Most of my large projects are using Entity Framework. And Entity Framework is known to sometimes create crazy sql requests. Or rather it easily allows developers to create crazy queries. It is really easy to throw couple .Include()
into your query and then return objects as they come from EF:
var products = dbContext.Products.Include(p => p.Tags)
.Include(p => p.Reviews)
.ToList(); // first query
foreach(var prod in products)
{
var reviewers = prod.Reviews.Select(r => r.Owner).ToList(); // N+1
}
The above code is fictional, but most likely will produce N+1 issue. N+1 issue is when you don’t just issue a SELECT
query, but follow up every returned row by another SELECT
query to retrieve related entries. This is caused by EF feature called Lazy Loading. Read better explanation about Lazy Loading problem here. Basically think that your first query for Products returns 1000 records. Then in case of N+1, operation inside of foreach
loop will produce another thousand queries to your database.
This is a well known problem and there are a lot of resources talking about how to fix it. Once you know you have this problem, it is easy to fix. But knowing about it is another matter.
Usually development happens against a database with some test data. This database usually has a few records in each tables, not as much as you would normally have in your production. So when developer introduces N+1, on his local machine the query might execute fast enough not to notice a problem. And when this code is pushed into production, this eventually causes a performance problem.
Another performance problem I found when using EF is throwing away data requested from database. You might have Product
entity with hundreds of properties. And then doing things like this:
var product = dbContext.Products.FirstOrDefault(p => p.ProductId == 42);
return product.Name
EF will generate a query that gets every field of Product
object, serialise that into memory. But you only need a Name
– you throw away all the rest of requested data. This might not sound like much, but if you have BLOB data stored on Product, and your Database Server is not on the same server-rack as you Web-server, network transfer and memory consumption can add up and cause trouble.
Again, once you know there is an issue, it is easy to fix. But how do you know there is an issue??
The easiest way is to look on the queries that are executed by your application. There are a few ways to do that – one of them is to run SQL Server Profiler. But this is a heavy-weight beast that does everything and a kitchen sink. And I can never remember how to configure it correctly so it shows only the stuff I want to see and not every sneeze and scratch that SQL Server does internally. Another recommended way is to use MiniProfiler. I used it, it is cool and easy. Until it craps all over you: have you tried looking on N+1 issue of any sizeable dataset/query? It crashes any browser with amount of DOM elements. It has it’s uses and very nifty, but after a few incidents when I had a real nasty N+1 and had to disable MiniProfiler just to be able to debug, we parted our ways. Now I prefer external profilers.
Express Profiler
I’ve spent some time trying to find a tool that would satisfy all my desires and seems like there is a winner: Express Profiler. It is free and easy to configure. I usually have it running in a background when I write any queries – just to check if page have filled with N+1 queries for related objects requests.
As a rule of a thumb if your application’s page refresh causes profiler’s screen to fill-up with requests you have an N+1 problem.

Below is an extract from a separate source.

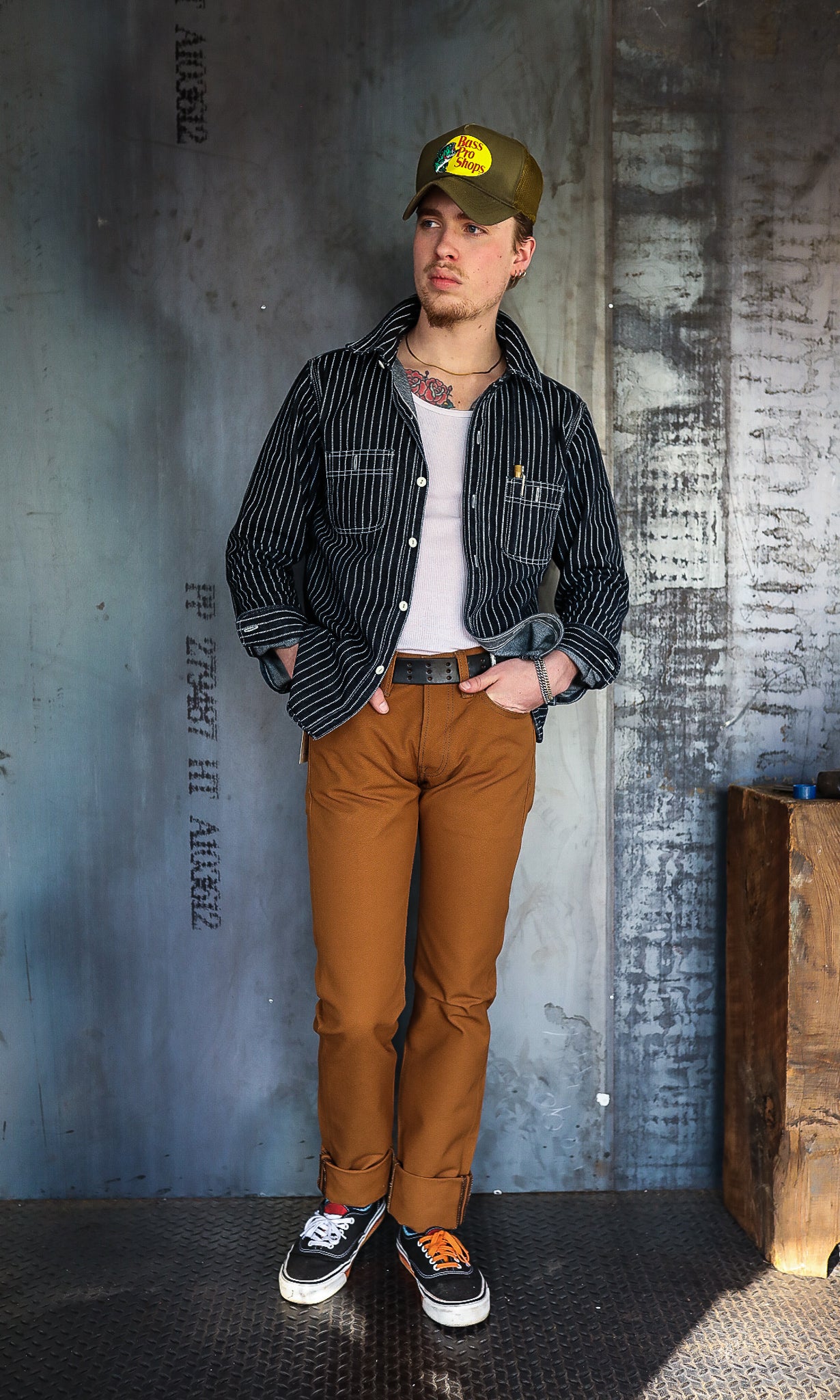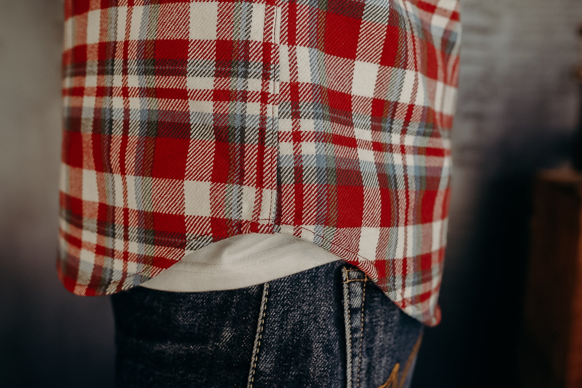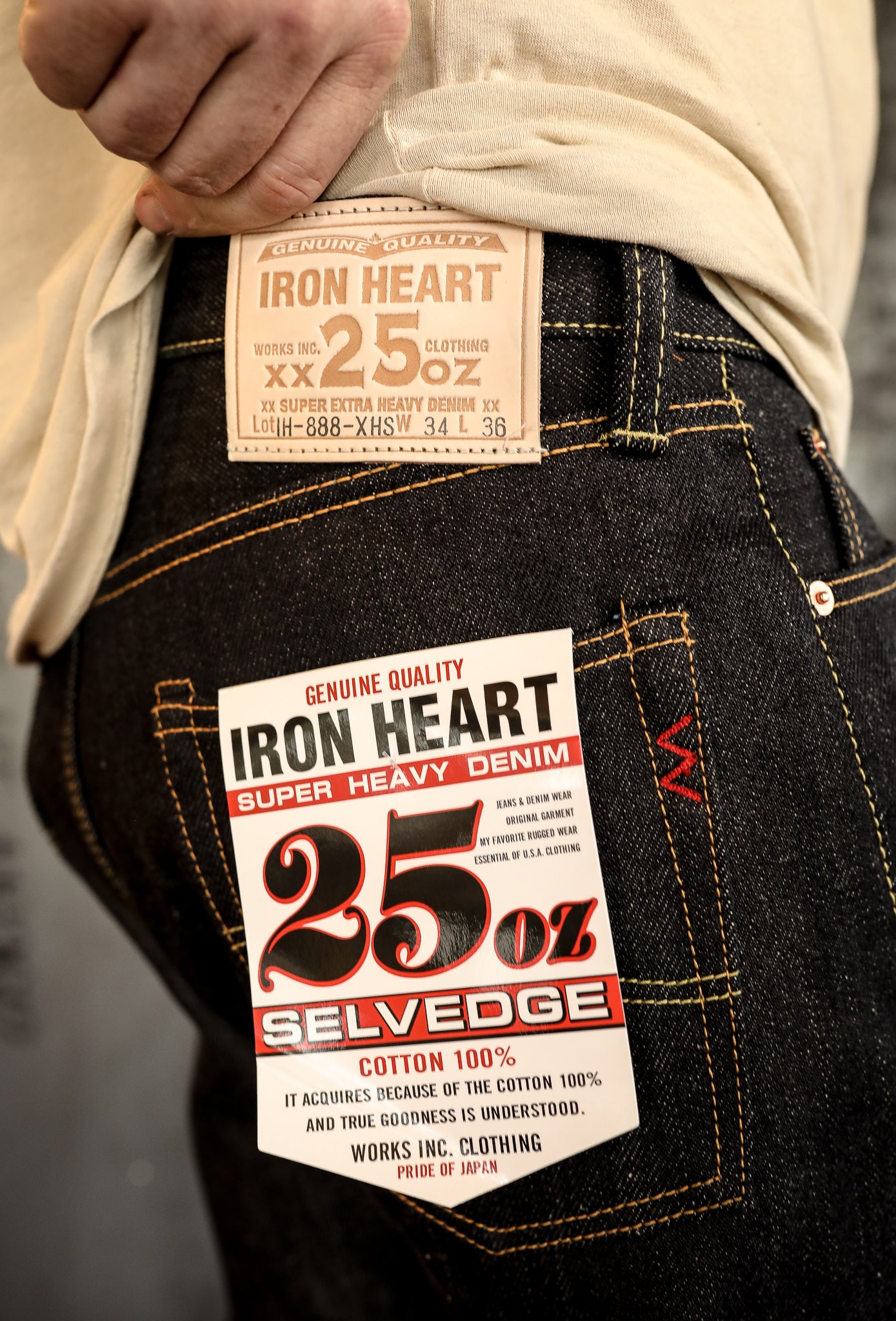 Originally designed with bikers in mind, Iron Heart's focus on durable and robust clothing continues to influence its design and construction. Haraki-san ensures that the garments meet the preferences of riders, while also appealing to a broader audience. Most Iron Heart pieces are crafted from heavyweight fabrics to provide durability and some level of protection for motorcyclists. The brand uses classic materials and styles, including flannels, denim, and chambrays for shirts, and draws inspiration from military and traditional riding jackets for its outerwear. Notably, some designs, such as the 25oz XHS (extra heavy selvedge) denim jeans, push the limits of what can be woven and sewn, embodying their philosophy of "over-engineered is our starting point."

If your Reads
or CPU
count is high, but you don’t really expect a high read query, you might have another problem: getting data, but then throwing it away. But this is less of a rule.
If your query is very long, does many joins and returns many fields. But you actually use only a handful of fields from that object:
Then you definitely getting all this data then throwing it away data, wasting network bandwidth and memory.
Usage
One thing that I always do when use Express Profiler is exclude connection reset
events. You can do this by adding exclusion of %sp_reset_connection%
to the default set of filters:
And then always run profiler with filters:
Conclusion
If you are using any type of ORM: EF or NHibernate or any other where you don’t write queries by hand, Express Profiler is a must have tool. And it must be running on your machine whenever you write DB-related code.
So go to https://expressprofiler.codeplex.com/ download, install and use it!
p.s. I’m not in any way related to the tool promoted here.